[Extracted material — start]

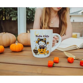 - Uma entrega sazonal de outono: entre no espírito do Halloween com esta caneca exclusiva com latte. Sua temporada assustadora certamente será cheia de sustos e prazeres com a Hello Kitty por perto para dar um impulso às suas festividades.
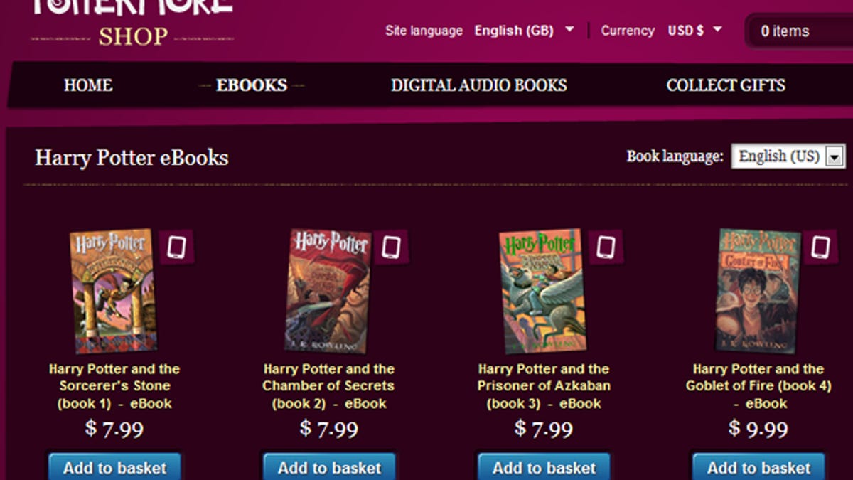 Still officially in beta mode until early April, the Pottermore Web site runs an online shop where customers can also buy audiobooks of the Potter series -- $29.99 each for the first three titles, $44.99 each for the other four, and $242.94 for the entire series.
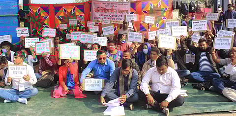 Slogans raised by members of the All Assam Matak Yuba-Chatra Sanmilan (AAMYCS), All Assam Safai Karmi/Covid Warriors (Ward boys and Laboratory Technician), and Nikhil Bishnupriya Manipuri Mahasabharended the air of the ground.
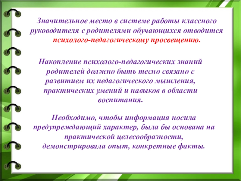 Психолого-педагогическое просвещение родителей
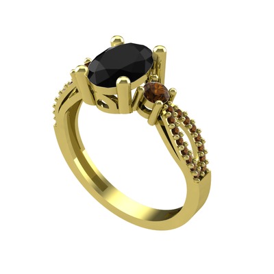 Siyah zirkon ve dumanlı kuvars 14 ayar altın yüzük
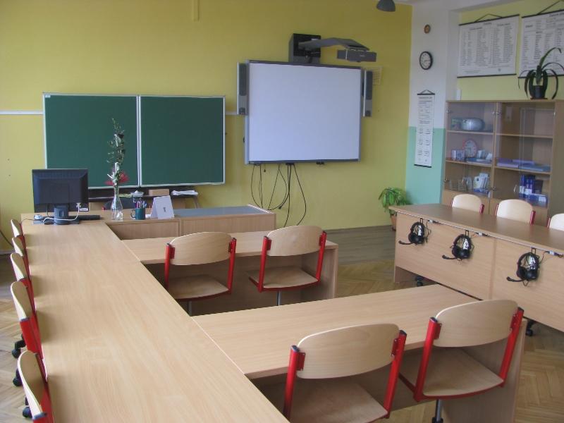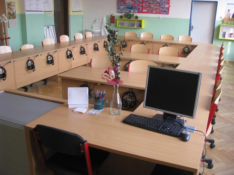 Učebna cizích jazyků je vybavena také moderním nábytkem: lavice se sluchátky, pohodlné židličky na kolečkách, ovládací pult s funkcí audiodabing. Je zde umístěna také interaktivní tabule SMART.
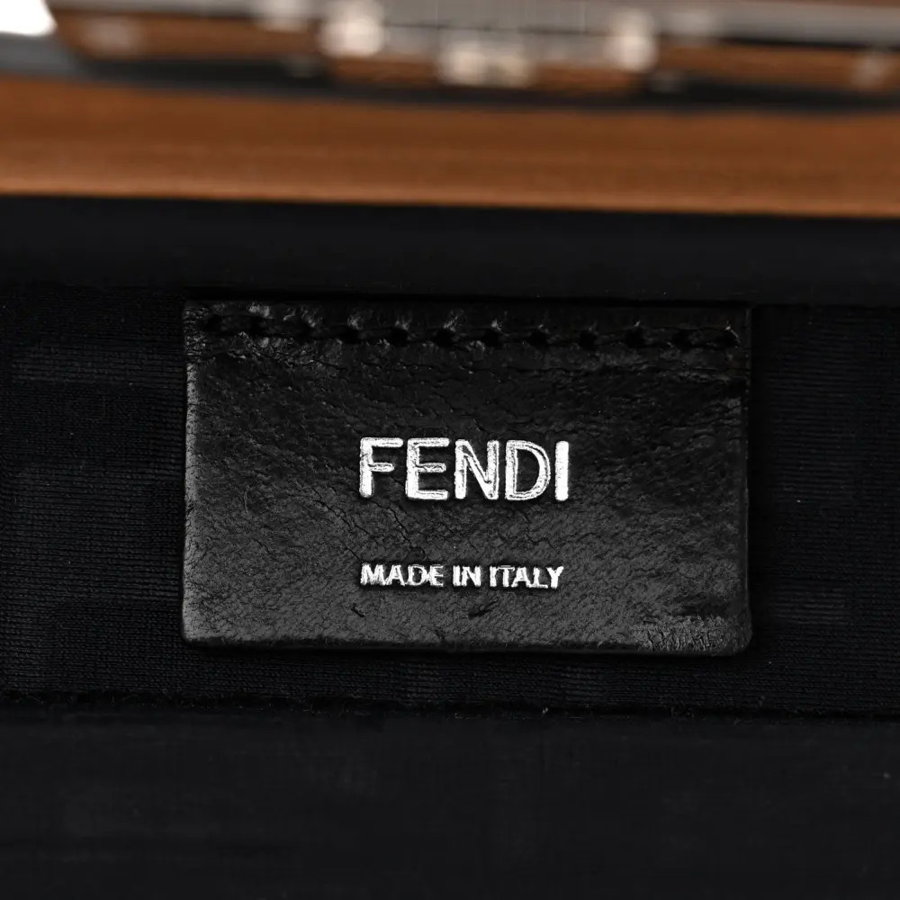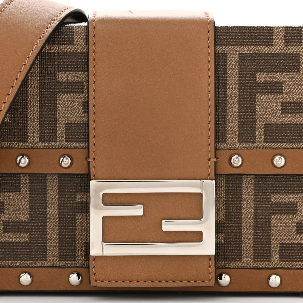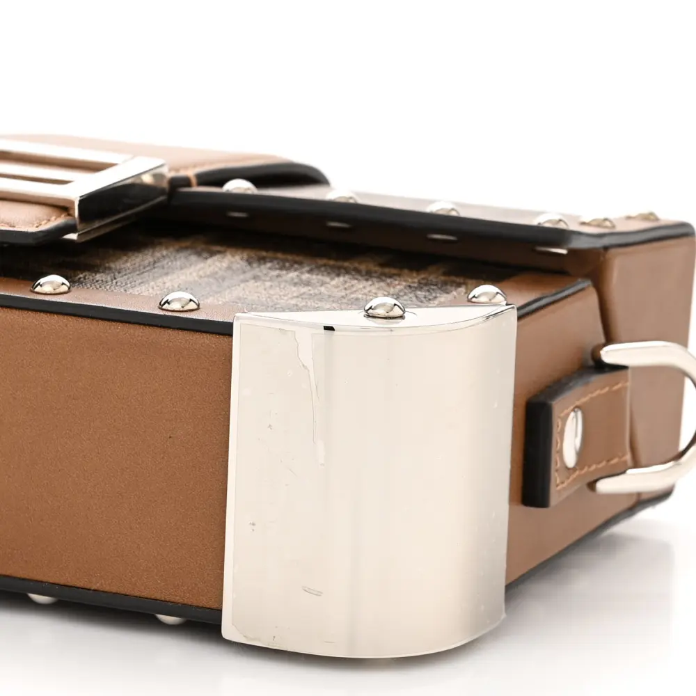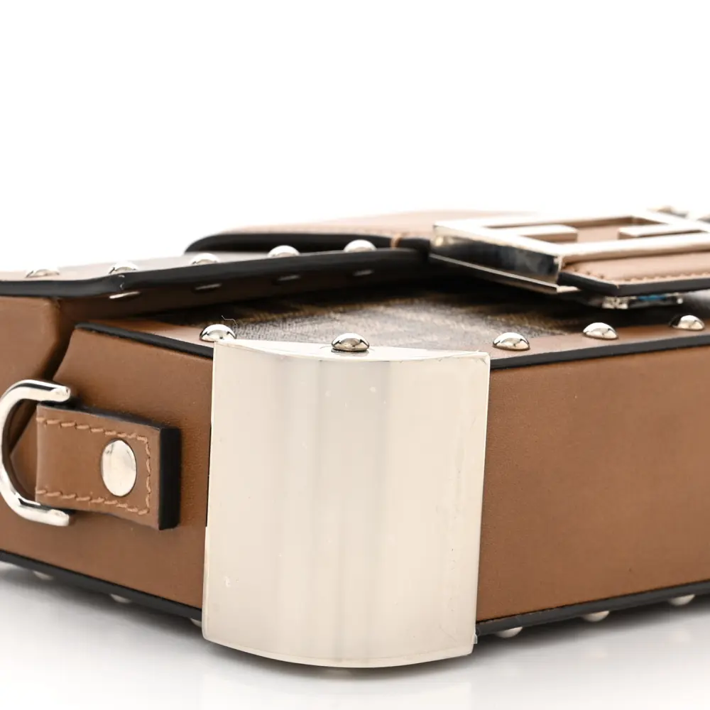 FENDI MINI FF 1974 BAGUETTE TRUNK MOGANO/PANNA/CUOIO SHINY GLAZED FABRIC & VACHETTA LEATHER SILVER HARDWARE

[Extracted material — finish]
[Extracted material — start]

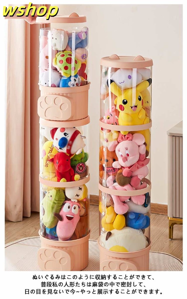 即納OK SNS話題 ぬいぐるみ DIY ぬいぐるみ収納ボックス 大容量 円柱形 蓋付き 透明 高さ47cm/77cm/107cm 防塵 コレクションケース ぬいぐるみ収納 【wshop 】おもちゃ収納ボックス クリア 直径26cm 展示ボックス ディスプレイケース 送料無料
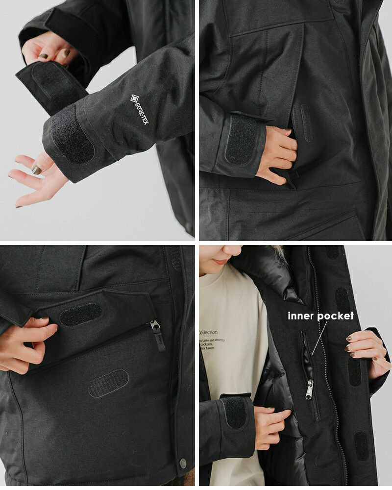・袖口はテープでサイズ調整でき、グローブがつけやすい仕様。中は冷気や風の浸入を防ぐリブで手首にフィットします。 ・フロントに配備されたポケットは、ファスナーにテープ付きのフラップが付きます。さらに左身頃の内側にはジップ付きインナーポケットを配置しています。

[Extracted material — finish]
[Extracted material — start]

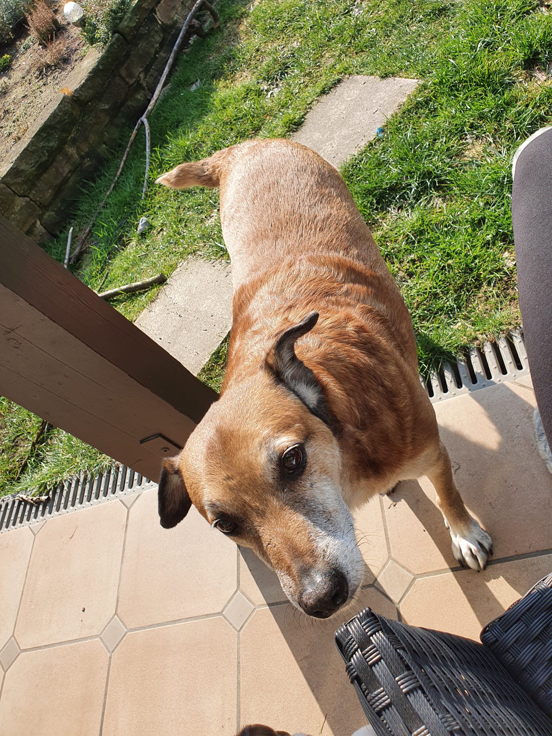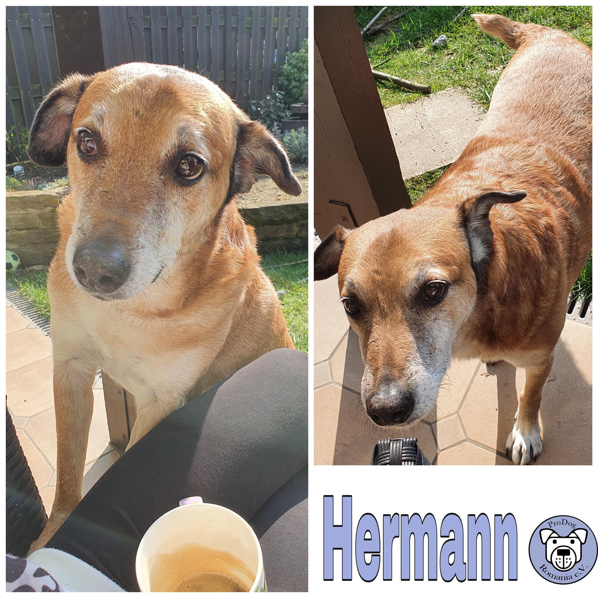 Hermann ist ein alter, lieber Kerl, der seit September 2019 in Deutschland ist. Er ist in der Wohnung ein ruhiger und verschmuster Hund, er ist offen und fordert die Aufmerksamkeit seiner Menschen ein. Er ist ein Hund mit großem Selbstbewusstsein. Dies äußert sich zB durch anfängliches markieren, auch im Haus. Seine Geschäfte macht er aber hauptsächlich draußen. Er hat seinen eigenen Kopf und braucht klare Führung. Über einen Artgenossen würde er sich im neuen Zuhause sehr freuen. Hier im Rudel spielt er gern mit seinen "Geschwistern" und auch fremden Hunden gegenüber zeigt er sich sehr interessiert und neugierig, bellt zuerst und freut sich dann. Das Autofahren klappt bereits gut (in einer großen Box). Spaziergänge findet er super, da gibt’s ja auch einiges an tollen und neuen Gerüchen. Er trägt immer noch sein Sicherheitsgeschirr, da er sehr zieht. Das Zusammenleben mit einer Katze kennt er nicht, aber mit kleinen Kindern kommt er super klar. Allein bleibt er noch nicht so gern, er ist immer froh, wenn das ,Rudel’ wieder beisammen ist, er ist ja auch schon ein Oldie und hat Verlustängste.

[Extracted material — finish]

All pictures are to be skipped. Output, word for word, the lines in the data above starting at the line containing "Психолого-педагогическое просвещение родителей" and ending at the line containing "FENDI MINI FF".

 Психолого-педагогическое просвещение родителей
 Siyah zirkon ve dumanlı kuvars 14 ayar altın yüzük
 Učebna cizích jazyků je vybavena také moderním nábytkem: lavice se sluchátky, pohodlné židličky na kolečkách, ovládací pult s funkcí audiodabing. Je zde umístěna také interaktivní tabule SMART.
 FENDI MINI FF 1974 BAGUETTE TRUNK MOGANO/PANNA/CUOIO SHINY GLAZED FABRIC & VACHETTA LEATHER SILVER HARDWARE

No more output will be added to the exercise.